Through the project, its texts, and its picture series we learn that what looks like a "natural" conflict is nothing but political conflict economy, that people and peoples can live together if they aren't told that they can't.

And through the new media we can all find out.

You can see this in the way I found the project:

I follow @letzi83, Media and External Relations coordinator for the European Youth Forum in Brussels, on Twitter.

She retweeted a message from @ianyanmag informing about the project, including its Twitter account @caucasusproject that has 58 followers by now and will hopefully get more - please follow them and amplify their voice(s)!

The last tweet of the project includes a link to a blog article on Global Voices Online titled "Caucasus: Unity in Diversity" reporting about the latest new media coverage on the project.

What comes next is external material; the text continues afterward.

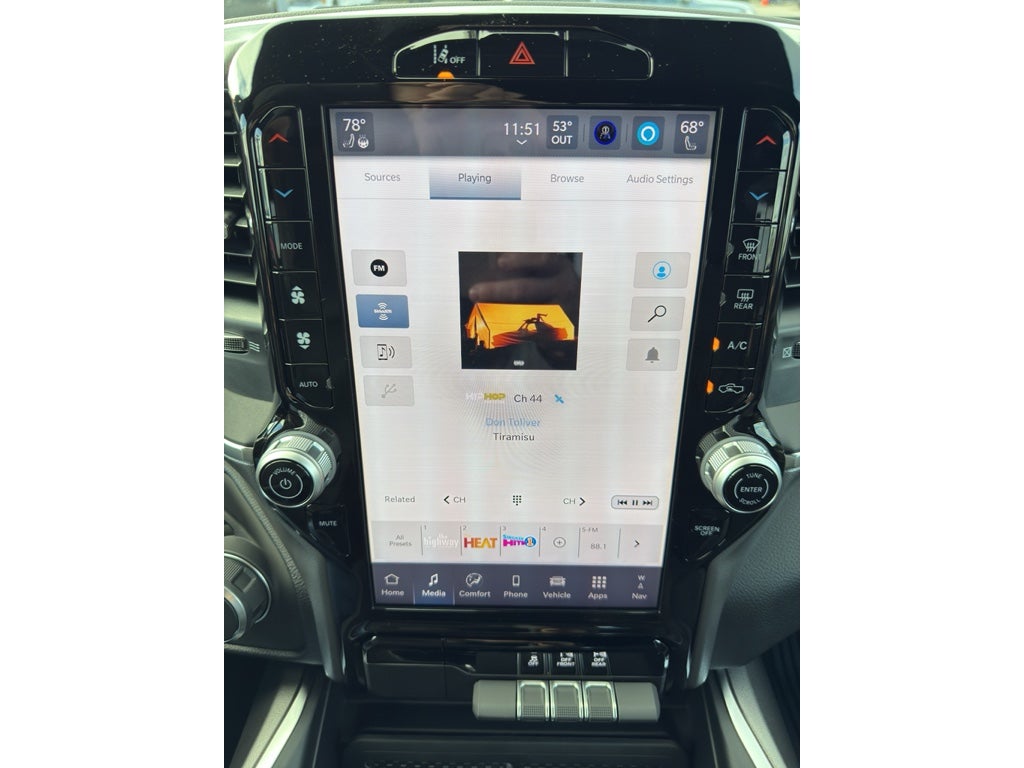 It offers Automatic Climate Control for personalized comfort. This 1/2 ton pickup features a hands-free Bluetooth® phone system. The installed navigation system will keep you on the right path. Protect this vehicle from unwanted accidents with a cutting edge backup camera system. This unit has automated speed control that adjusts to maintain a safe following distance, enhancing highway driving convenience. Never get into a cold vehicle again with the remote start feature on this 1/2 ton pickup. This model offers Apple CarPlay for seamless connectivity. It offers Android Auto for seamless smartphone integration. with XM/Sirus Satellite Radio you are no longer restricted by poor quality local radio stations while driving this unit. Anywhere on the planet, you will have hundreds of digital stations to choose from. The rear parking assist technology on the Ram 1500 will put you at ease when reversing. The system alerts you as you get closer to an obstruction.

And via this post you can get to an article from the end of December titled "Overcoming negative stereotypes in the South Caucasus" including the summary of the project that I have quoted above. There is also a great article by the Ianyan Magazine with more background information and story telling on the project.

In the end, the countries of the Southern Caucasus - Armenia, Azerbaijan, and Georgia - are European countries, all three members of the Council of Europe, and what is happening there is happening here in Europe. And since remote conflicts can become close conflicts as we have seen during the Georgian-Russian war in 2008, I am more than happy to see that Europeans use new media to tell positive stories trying to end these useless conflicts.

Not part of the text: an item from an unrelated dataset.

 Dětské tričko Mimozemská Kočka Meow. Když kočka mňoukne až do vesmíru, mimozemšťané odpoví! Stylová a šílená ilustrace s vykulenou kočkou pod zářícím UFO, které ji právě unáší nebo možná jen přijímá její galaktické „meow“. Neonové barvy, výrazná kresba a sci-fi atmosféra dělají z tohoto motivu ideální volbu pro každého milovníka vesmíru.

Now the question is: When will the old media learn to tell these stories, too, instead of pushing for conflict stories that dominate the daily news all over the place?

3 comments:

Onnik Krikorian said...

Thanks for taking the time to write this post about the project. Appreciated, and thanks to Ianyan for giving it more visibility too.

Onnik Krikorian said...

And, of course, especially to @letzi83 who sent me the link to your post. :)

ianyan said...

:) Thank you for the mention Julien, I appreciate it and great question you pose at the end.